— RECORDS SHOWN —
= = = =

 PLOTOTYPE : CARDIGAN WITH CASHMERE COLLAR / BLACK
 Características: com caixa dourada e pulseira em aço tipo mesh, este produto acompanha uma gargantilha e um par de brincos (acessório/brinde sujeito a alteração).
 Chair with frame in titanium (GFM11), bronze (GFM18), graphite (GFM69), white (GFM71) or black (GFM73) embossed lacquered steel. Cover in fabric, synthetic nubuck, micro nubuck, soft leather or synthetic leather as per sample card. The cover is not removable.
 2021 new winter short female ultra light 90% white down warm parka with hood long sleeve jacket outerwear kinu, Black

= = = =

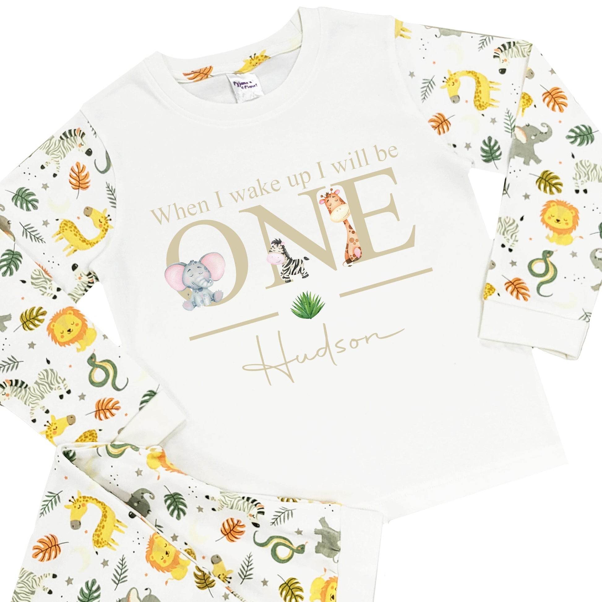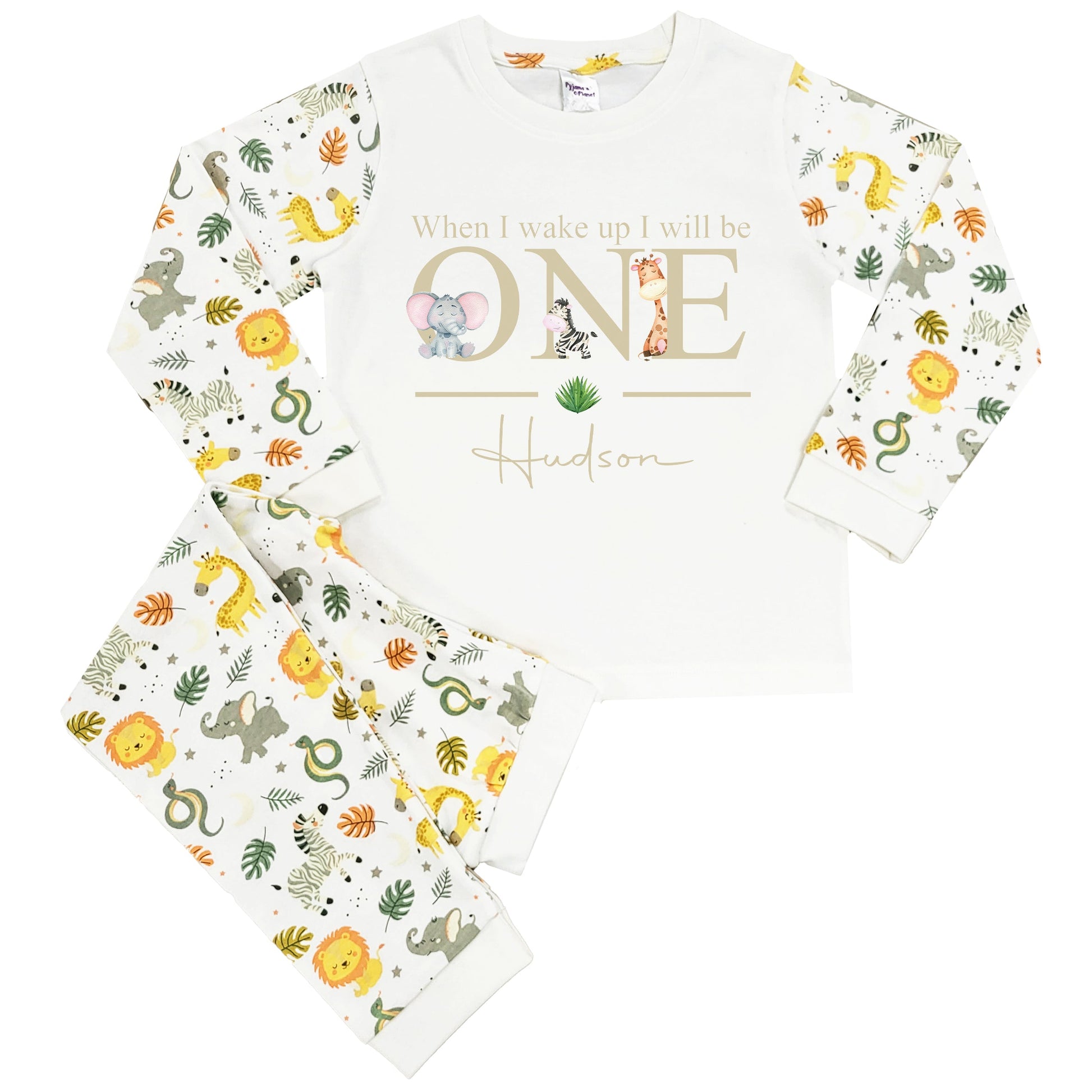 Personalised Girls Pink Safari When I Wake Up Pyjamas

= = = =

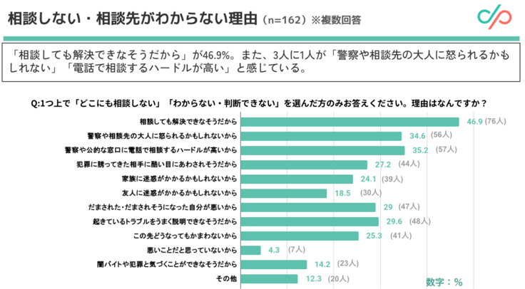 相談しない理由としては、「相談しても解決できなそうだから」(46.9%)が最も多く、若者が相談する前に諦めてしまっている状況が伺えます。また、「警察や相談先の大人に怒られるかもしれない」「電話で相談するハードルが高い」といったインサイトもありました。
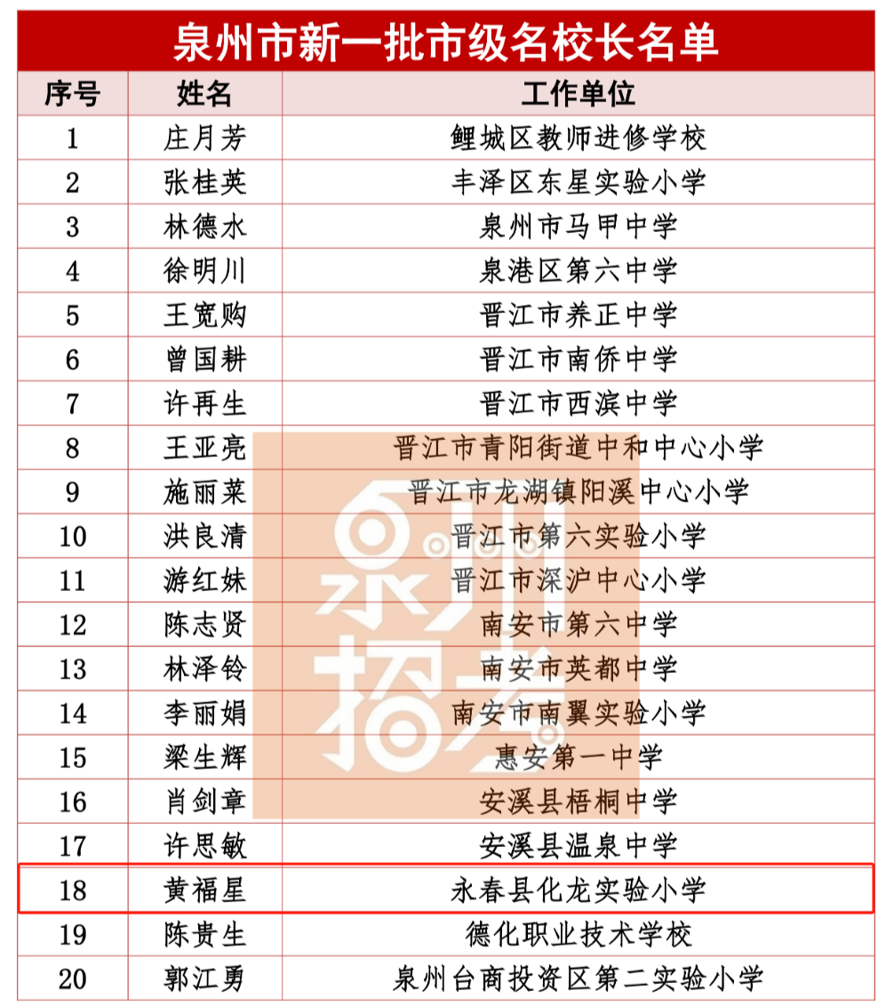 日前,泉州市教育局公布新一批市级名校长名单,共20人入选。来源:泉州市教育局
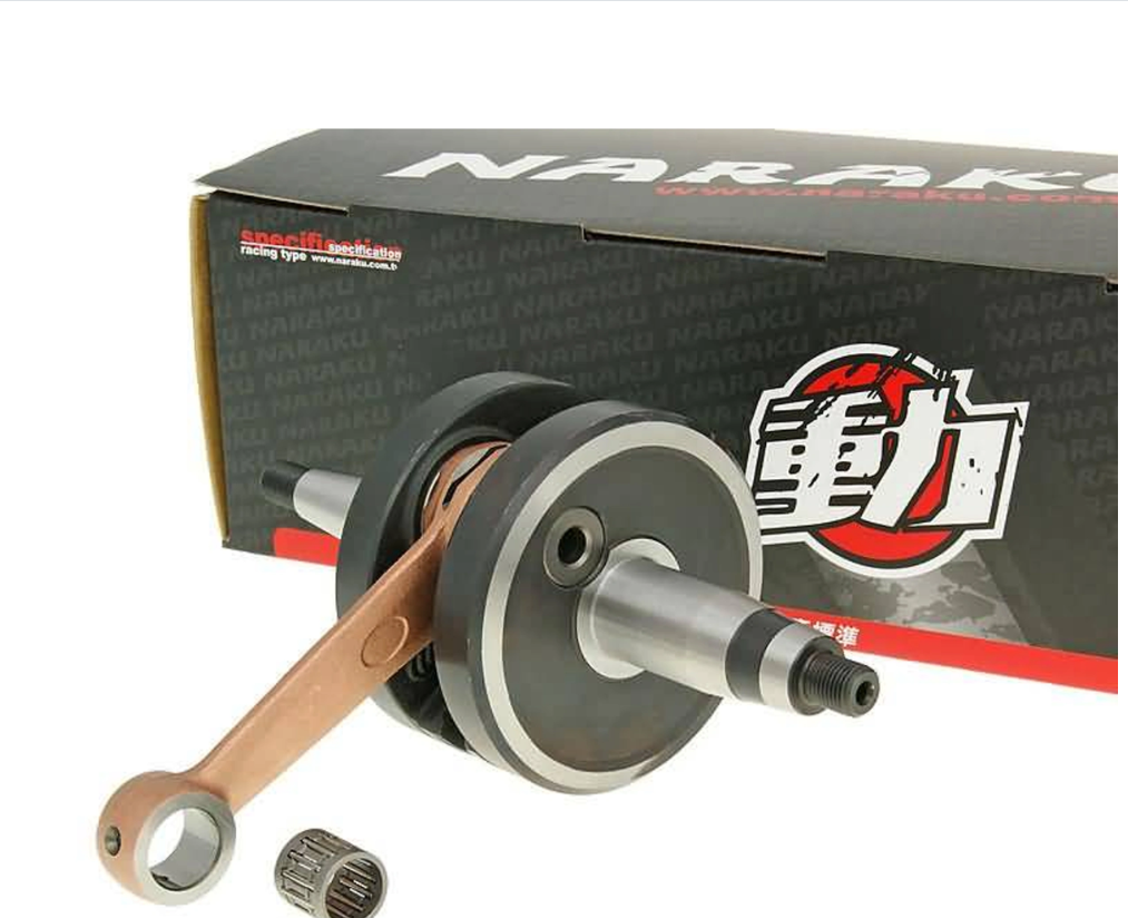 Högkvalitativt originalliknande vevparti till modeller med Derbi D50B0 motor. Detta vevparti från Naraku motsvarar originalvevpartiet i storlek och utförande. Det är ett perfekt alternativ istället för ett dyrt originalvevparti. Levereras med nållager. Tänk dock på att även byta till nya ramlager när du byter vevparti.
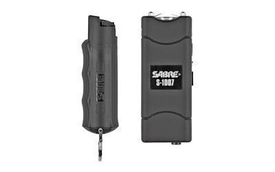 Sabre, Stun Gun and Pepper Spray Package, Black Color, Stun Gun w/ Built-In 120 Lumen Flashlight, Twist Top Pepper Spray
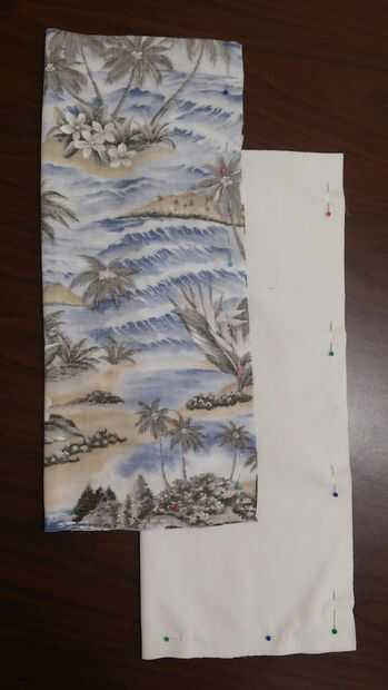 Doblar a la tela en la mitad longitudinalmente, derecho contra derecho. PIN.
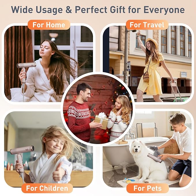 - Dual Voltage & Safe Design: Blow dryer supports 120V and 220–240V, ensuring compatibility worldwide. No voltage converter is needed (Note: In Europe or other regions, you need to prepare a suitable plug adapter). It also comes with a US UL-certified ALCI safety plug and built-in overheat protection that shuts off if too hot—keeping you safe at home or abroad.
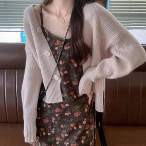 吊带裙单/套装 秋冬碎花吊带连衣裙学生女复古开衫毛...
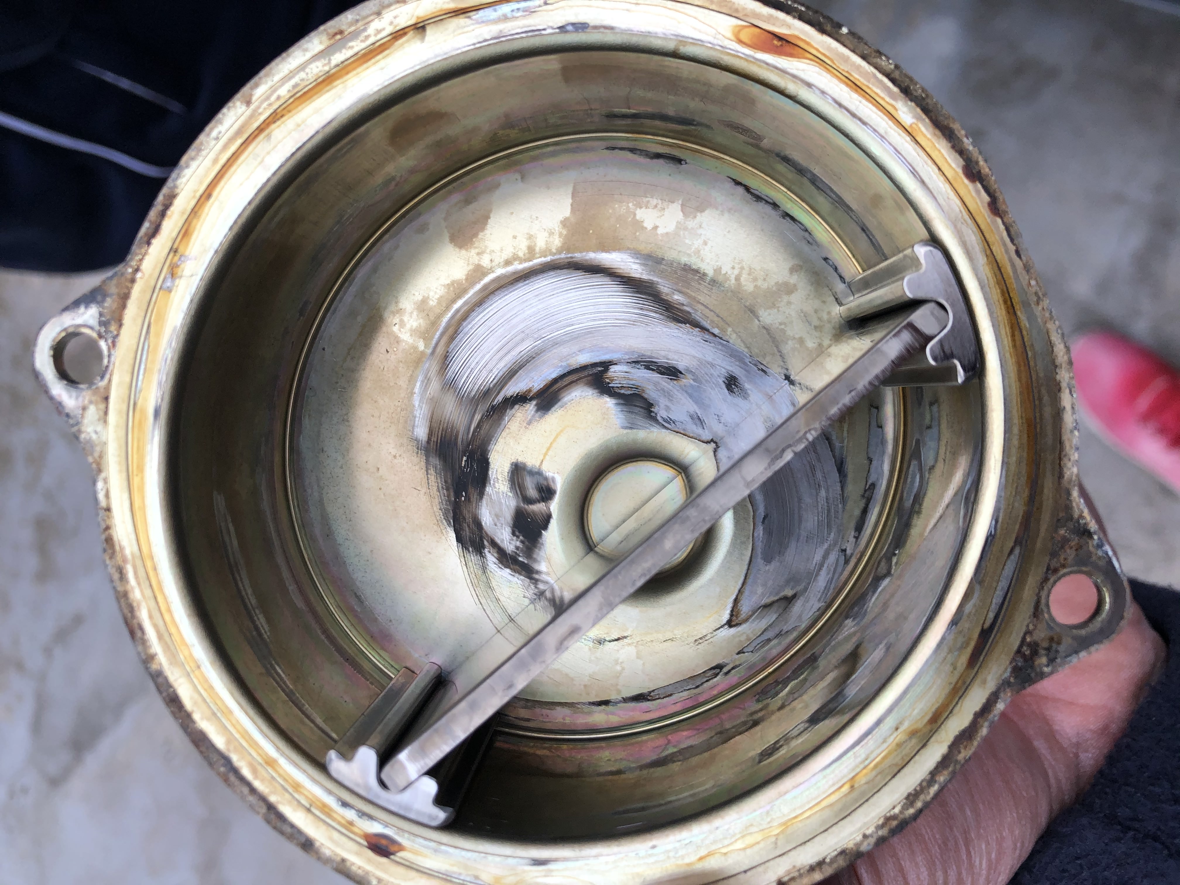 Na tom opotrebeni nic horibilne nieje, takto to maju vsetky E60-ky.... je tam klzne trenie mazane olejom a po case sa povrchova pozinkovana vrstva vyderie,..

= = = =

— TASK —
Copy word for word the lines above, starting at the line containing "日前,泉州市教育局公布新一批市级名校长名单,共20人入选。来源:泉州市教育局" and ending at the line containing "Na tom opotrebeni", inclusive, with no pictures.

— TASK RESULT —
 日前,泉州市教育局公布新一批市级名校长名单,共20人入选。来源:泉州市教育局
 Högkvalitativt originalliknande vevparti till modeller med Derbi D50B0 motor. Detta vevparti från Naraku motsvarar originalvevpartiet i storlek och utförande. Det är ett perfekt alternativ istället för ett dyrt originalvevparti. Levereras med nållager. Tänk dock på att även byta till nya ramlager när du byter vevparti.
 Sabre, Stun Gun and Pepper Spray Package, Black Color, Stun Gun w/ Built-In 120 Lumen Flashlight, Twist Top Pepper Spray
 Doblar a la tela en la mitad longitudinalmente, derecho contra derecho. PIN.
 - Dual Voltage & Safe Design: Blow dryer supports 120V and 220–240V, ensuring compatibility worldwide. No voltage converter is needed (Note: In Europe or other regions, you need to prepare a suitable plug adapter). It also comes with a US UL-certified ALCI safety plug and built-in overheat protection that shuts off if too hot—keeping you safe at home or abroad.
 吊带裙单/套装 秋冬碎花吊带连衣裙学生女复古开衫毛...
 Na tom opotrebeni nic horibilne nieje, takto to maju vsetky E60-ky.... je tam klzne trenie mazane olejom a po case sa povrchova pozinkovana vrstva vyderie,..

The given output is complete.